Steps for evaluating model’s performance: (1) validation set, (2) feature extraction, (3) classifier, (4) precision–recall curves for optimal thresholds selection, (5) applying optimal thresholds, (6) comparison with ground truth.

Applying the methodology for the five event types (anode, burial, exposure, field joint and free span), results in the precision–recall curves shown in Figure 7. The optimal thresholds are at the locations depicted by the star (“*”) carets in the graph and yield thresholds for each event type, summarised in Table 1.

Figure 7

Precision–recall curves for all labels. The inset shows a zoomed version of the top right corner.

Table 1

Optimum label-based thresholds for the validation set.

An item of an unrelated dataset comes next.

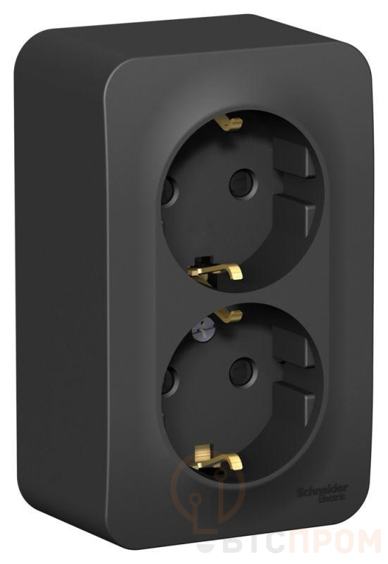 Розетка 2-м ОП Blanca 16А IP20 250В с заземл. защ. шторки с изолир. пластиной антрацит SE BLNRA011216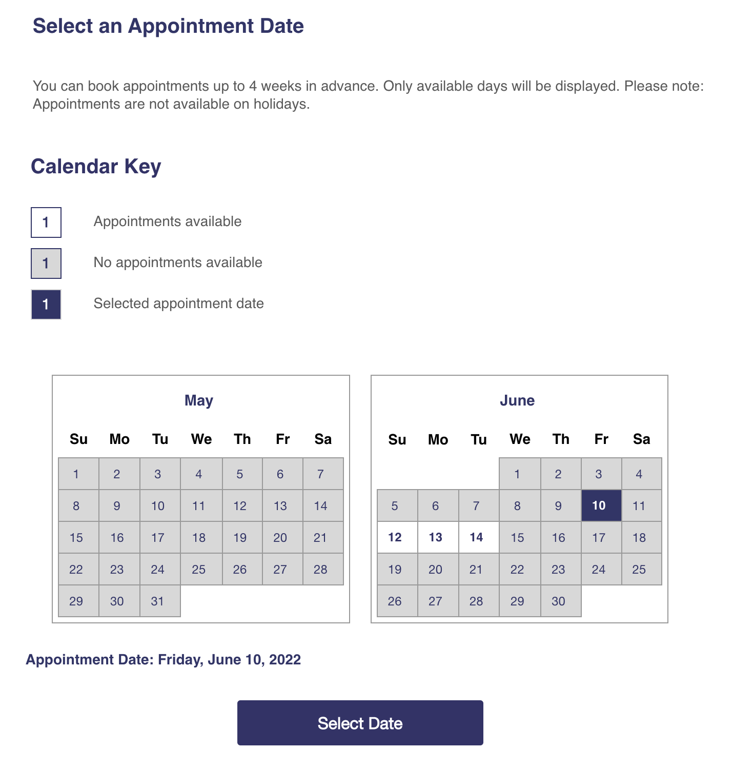 Elsewhere in the country, you'll find similar wait times for appointments. In Los Angeles, appointments were not available until June 14 and in New York City, the soonest available appointment was June 10.

Event	Anode	Burial	Exposure	Field Joint	Free Span
Threshold	0.357	0.367	0.632	0.542	0.430

Using the optimal thresholds identified from hyper-parameter tuning, the performance metrics (Equations (3)–(7)) for each model in their corresponding validation fold is shown in Table 2.

Table 2

Aggregate performance of the five models, one for each fold.

Fold #	Exact Match Ratio	Precision	Recall	F1-Score
1	0.907	0.958	0.961	0.960
2	0.890	0.949	0.956	0.953
3	0.920	0.972	0.961	0.967
4	0.914	0.962	0.967	0.964
5	0.899	0.954	0.958	0.956

Similarly, the average performance of the five models for each event type is shown in Table 3 along with the standard deviation for each metric. Field joints are the most challenging class with the lowest F1-score of 88.9%, expected given that such events are often difficult to distinguish due to the subtle features. On the other extreme, free spans and exposures show high performance, with F1-score of 98.8% and 98.5%, respectively. The aggregate F1-score (micro-average) is 96%.

Table 3

Metrics with optimal thresholds on the validation set.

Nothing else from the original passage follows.